Mais aujourd’hui, il y a une vraie demande des consommateurs. « Les signes AOP et IGP adossés à un label bio sont un marqueur commercial. Les fromages de Savoie peuvent aller se battre sur ce marché de niche-là. Dans le Comté, lui aussi fromage AOP, le bio coexiste parfaitement avec le non bio », constate Martin Perrot, technicien en polyculture-élevage à l’ADABio (Association pour le développement du bio dans les Savoie, l’Isère et l’Ain). De plus, dans leur philosophie, les cahiers des charges entre les signes de qualité et le label bio ont des points de convergence : maximum de pâturage pour les animaux, alimentation non-OGM, pas d’ensilage, traçabilité sur l’approvisionnement, choix des races… 

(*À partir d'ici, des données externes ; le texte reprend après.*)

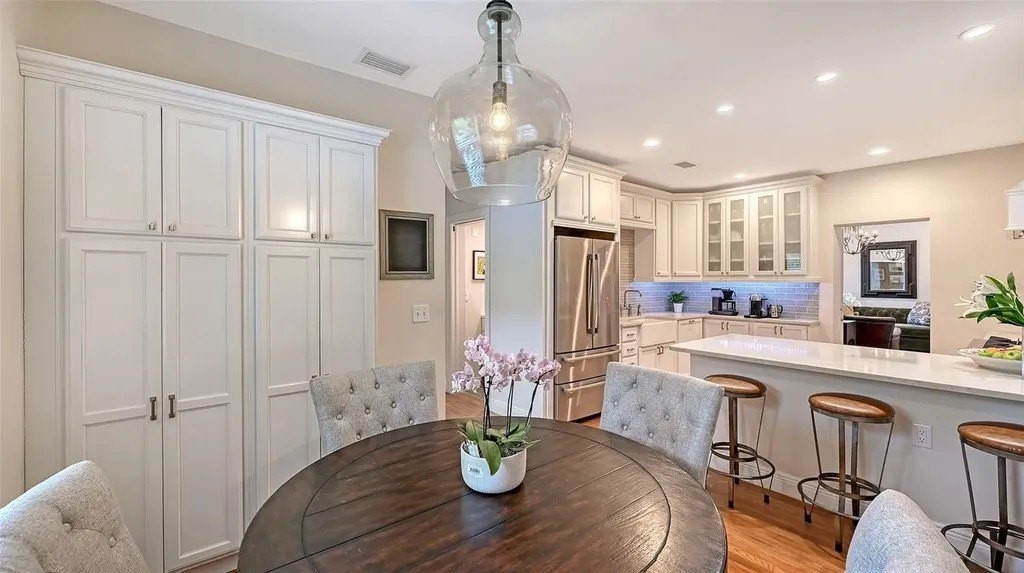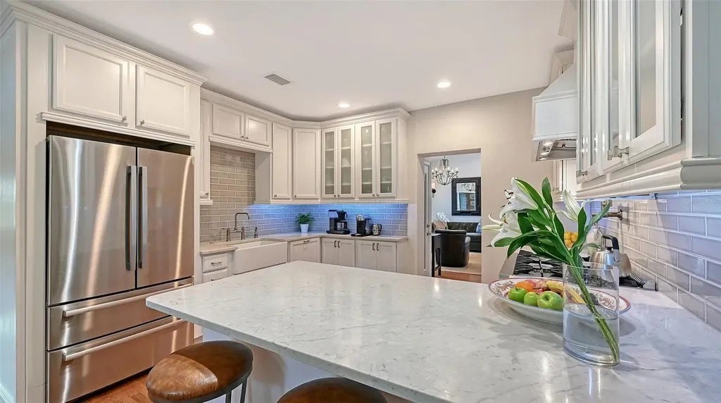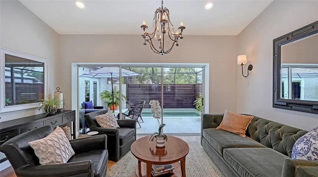 Perfectly situated in Sarasota’s vibrant Downtown just minutes from restaurants and boutiques within the coveted Gillespie Park neighborhood, this beautiufully renovated 2,938 sf, 4-bedroom, two-story Key West–inspired residence blends timeless architectural charm with modern sophistication. A magnificent oak tree graces the front yard, framing the home’s welcoming faade, while a historic brick drivewaycrafted from original Sarasota street brickssets the stage for the artistry and attention to detail found throughout. Remodeled and expanded in 2017, the interior showcases solid wood floors, designer lighting, and refined finishes which create a warm yet elegant ambiance. The gourmet kitchen impresses with custom cabinetry with soft-close drawers, quartz countertops, and top-tier appliances including a professional Forno gas range. Open-concept living and dining spaces are enhanced by an electric fireplace and abundant natural light streaming through windows and doors, many of which are impact-rated. Upstairs, rich hardwood flooring continues through the private quarters, including the serene primary suite featuring a custom-built walk-in closet and a spa-inspired bath adorned with porcelain tile, designer fixtures, and a soothing neutral palette. The flexible floor plan offers versatility for today’s lifestyles: a downstairs bonus areacurrently used as a Pilates studio with private entryis zoned for business or rental use and could easily serve as a large luxurious primary suite, family room, media room, or fitness space. A beautifully designed 600 sf apartment provides fully independent or multi-generational living with its own contemporary kitchen, induction cooktop, full-size washer and dryer, and private balcony. Perfect for hosting guests, mother-in-law suite, extended family, or generating income, this versatile space has a separate entrance, parking spot and its own address, and qualifies for one-week minimum rentals. Additional highlights include a temperature-controlled wine room, an oversized laundry area, three zoned AC, and a security system. Outside, a lush courtyard with screened lanai and heated pool creates a tranquil retreat for relaxing or entertaining amid tropical landscaping. Set on a spacious, fenced corner lot, the property offers abundant privacy along with an expanded 2½-car garage featuring an impact-rated door and generous storage. Residents of Gillespie Park enjoy one of downtown Sarasota’s most walkable locationsjust moments from Main Street and the new Bayfront Park where you can catch sunset, take in water views while enjoying a concert, yoga or lounging with your feet in the sand. Enjoy nearby fine dining, boutique shopping, arts and cultural venues, and easy access to SRQ International airport. The neighborhood’s namesake park offers tennis and pickleball courts, dog areas, and a lively community spirit that captures the essence of urban Sarasota living. Blending the character of Sarasota’s historic past with the ease of modern luxury, this exceptional residence delivers rare flexibility, craftsmanship, and an enviable location in the heart of it all.

Pour autant, la conversion au bio d’une exploitation ne doit pas se faire uniquement pour le prix de vente producteur, une fois et demie plus élevé que celui du conventionnel AOP-IGP. En bio, les volumes commercialisés sont inférieurs et les productions très dépendantes des aléas climatiques. Un exploitant peut vite rencontrer des difficultés financières. « Le bio n’est pas un facteur de réussite ni de performance économique », prévient Thibault Chatelain, pour qui il faut prendre le temps de construire et mûrir son projet par rapport à ses objectifs, sa situation et ses débouchés. Sans compter que ce virage a un coût (environ 40 000 euros d’investissement) et qu’il faut bien gérer sa trésorerie pendant les trois années de conversion. D’où l’importance de se faire accompagner par des experts et se former.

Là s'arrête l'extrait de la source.